◆ Prompt ◆
From the line containing "- Install two" to the end of the records, print every line exactly, both ends included, and leave out the pictures.

◆ Data for analysis ◆
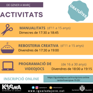 Amb la tornada a l’institut, el final de l’estiu i l’inici de la tardor… arriba la nova PROGRAMACIÓ. Els equipaments juvenils de la ciutat obren les seves portes amb activitats com dibuix manga, cuines del món, acompanyament a l’estudi, teatre, tallers per la cerca de feina… Aquest primer trimestre estarà ple d’activitats, tallers i xerrades […]
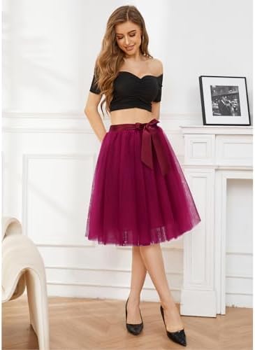 TULLE SKIRT FOR WOMEN:This women's knee-length tulle skirt is composed of 5 layers tulle and 1 layer satin lining,with one detachable satin sash. TUTU SKIRT FOR WOMEN:The high-quality tulle layer reflects the layering of the skirt, allowing the skirt to remain fluffy while showing your flexible and graceful figure.The satin underlining is soft,smooth,non-scratchy and comfortable. CASUAL/FORMAL SKIRTS FOR WOMEN:Simple,elegant and absolutely flattering,which is perfect as a modest church skirt or as a wedding guest skirt.In addition,it hung and swayed very nicely,which is super cute and fun,definitely popular in any party,prom,dance.Even as a work or daily life wear, it can also bring out your femininity. BRIDESMAID SKIRT:This tulle skirt is light and breathable, it won't make you feel hot even wearing it in summer.And it's a veritable all-match,can be styled in so many ways. IDEAL FOR All OCCASIONS:Photo Shoot,Church,Halloween Costume,Bridal Shower,Bachelorette Party,Disneyland Costume,Holiday Event,Fairy Skirt,Family Reunion,Wedding Guest,Concert,Party,Prom,Wedding,Tea Party,Birthday Skirt,Anniversary,Engagement Photo,Maternity Skirt,Cocktail Party,Date,Princess Skirt,Play,Dance performance,etc #38,673 in Clothing, Shoes & Jewelry ( ) #159 in
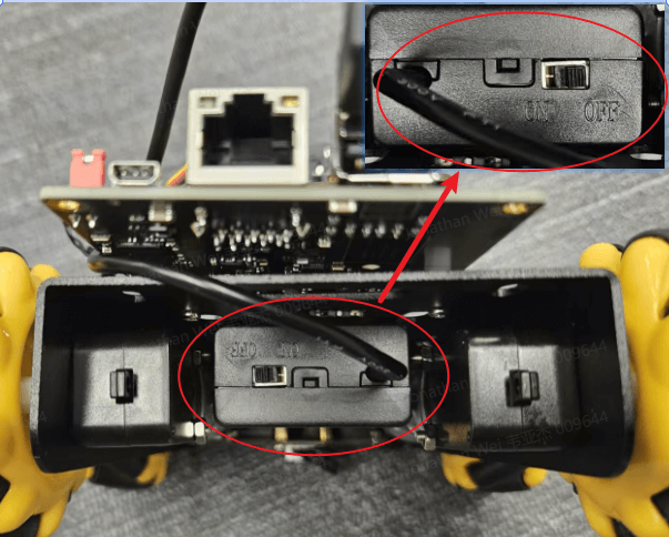 - Install two charged 18650 batteries in the battery box at the bottom of the car according to the positive and negative poles, then turn the bottom switch to "ON".
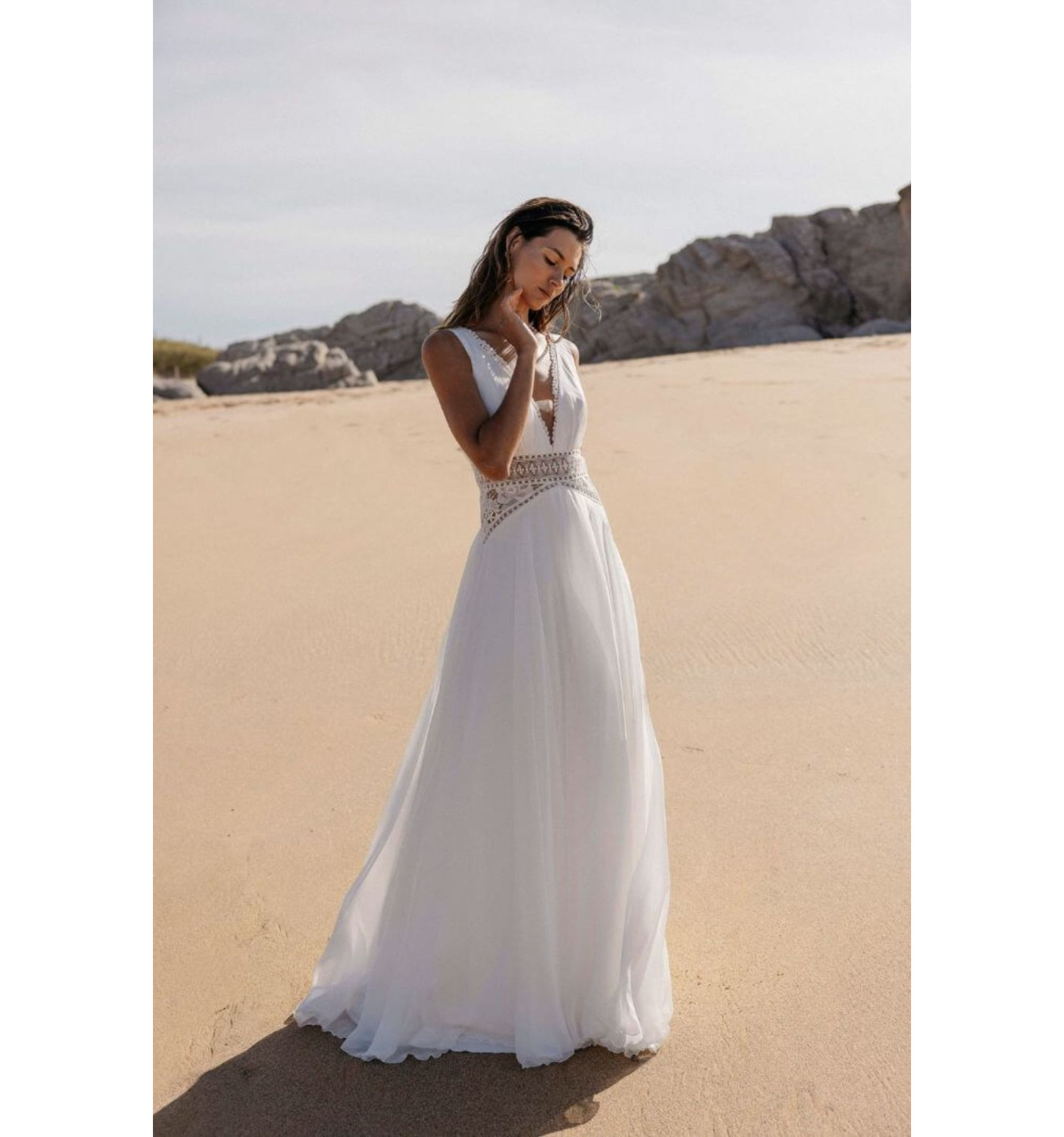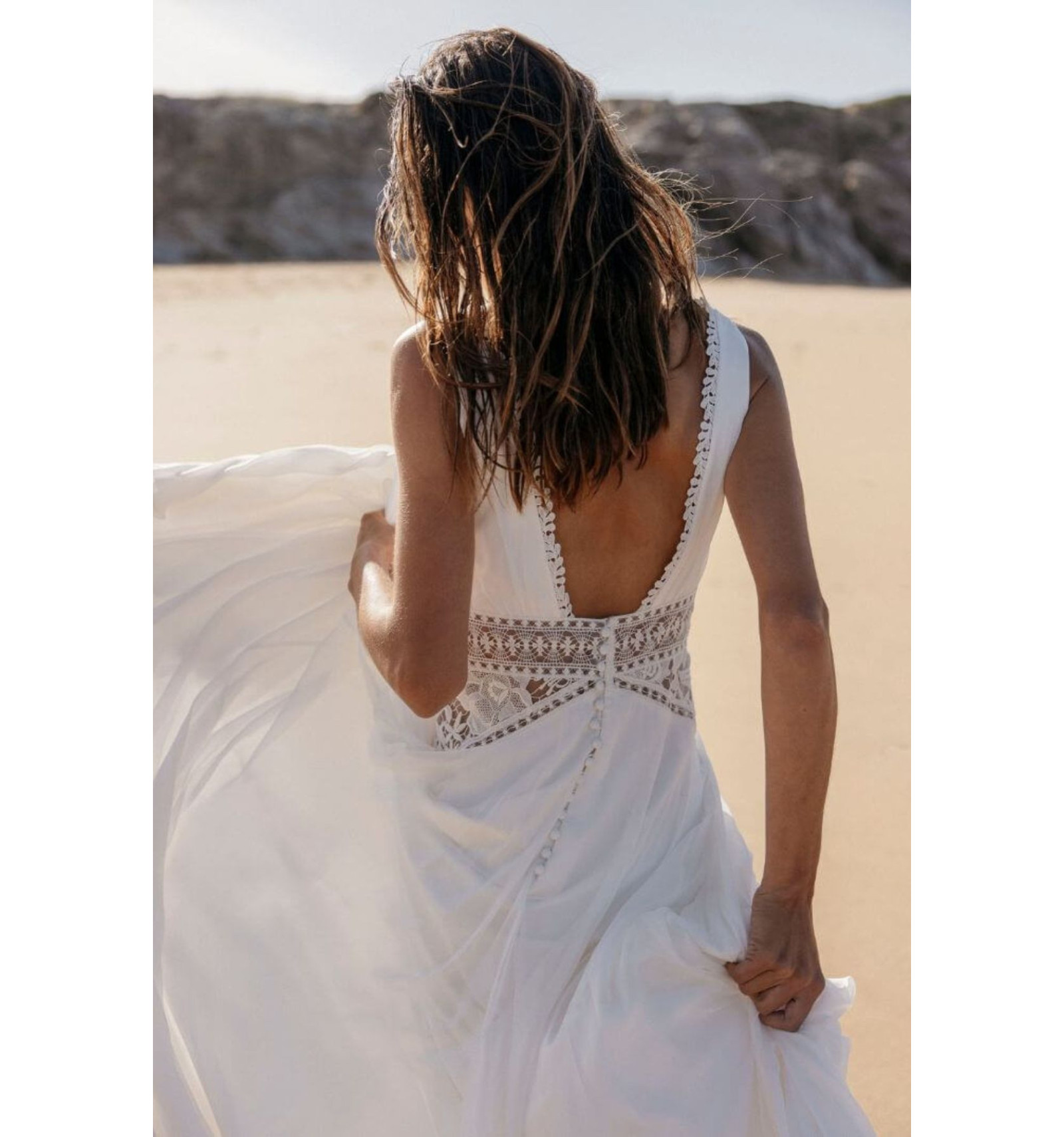 The Lorient wedding dress has a charming and subtle bohemian style. Its flowing cut enhances the bride’s figure while providing optimal comfort. Sheer Calais lace panels at the waist create a modern and romantic silhouette.
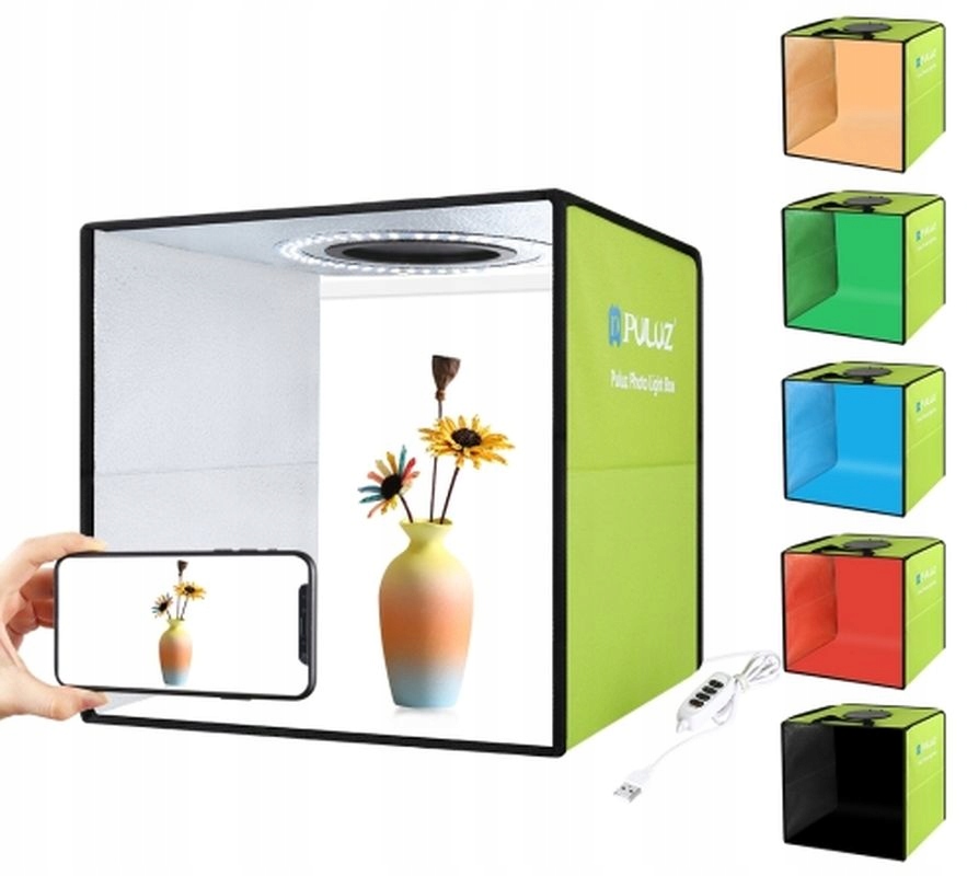 - Теневая палатка 30x30x30 см со встроенным светодиодным кольцом (26LM/10W) и USB -кабелем для источника питания и интегрированного пульта Защитный случай для набора
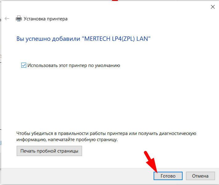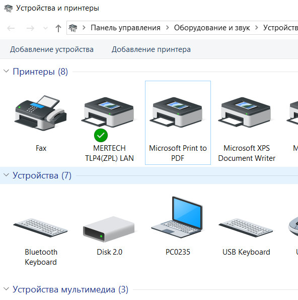 После в настройках, в разделе Устройства и принтеры, появится принтер MERTECH LP4 LAN (рис.8)

◆ Result of the task ◆
 - Install two charged 18650 batteries in the battery box at the bottom of the car according to the positive and negative poles, then turn the bottom switch to "ON".
 The Lorient wedding dress has a charming and subtle bohemian style. Its flowing cut enhances the bride’s figure while providing optimal comfort. Sheer Calais lace panels at the waist create a modern and romantic silhouette.
 - Теневая палатка 30x30x30 см со встроенным светодиодным кольцом (26LM/10W) и USB -кабелем для источника питания и интегрированного пульта Защитный случай для набора
 После в настройках, в разделе Устройства и принтеры, появится принтер MERTECH LP4 LAN (рис.8)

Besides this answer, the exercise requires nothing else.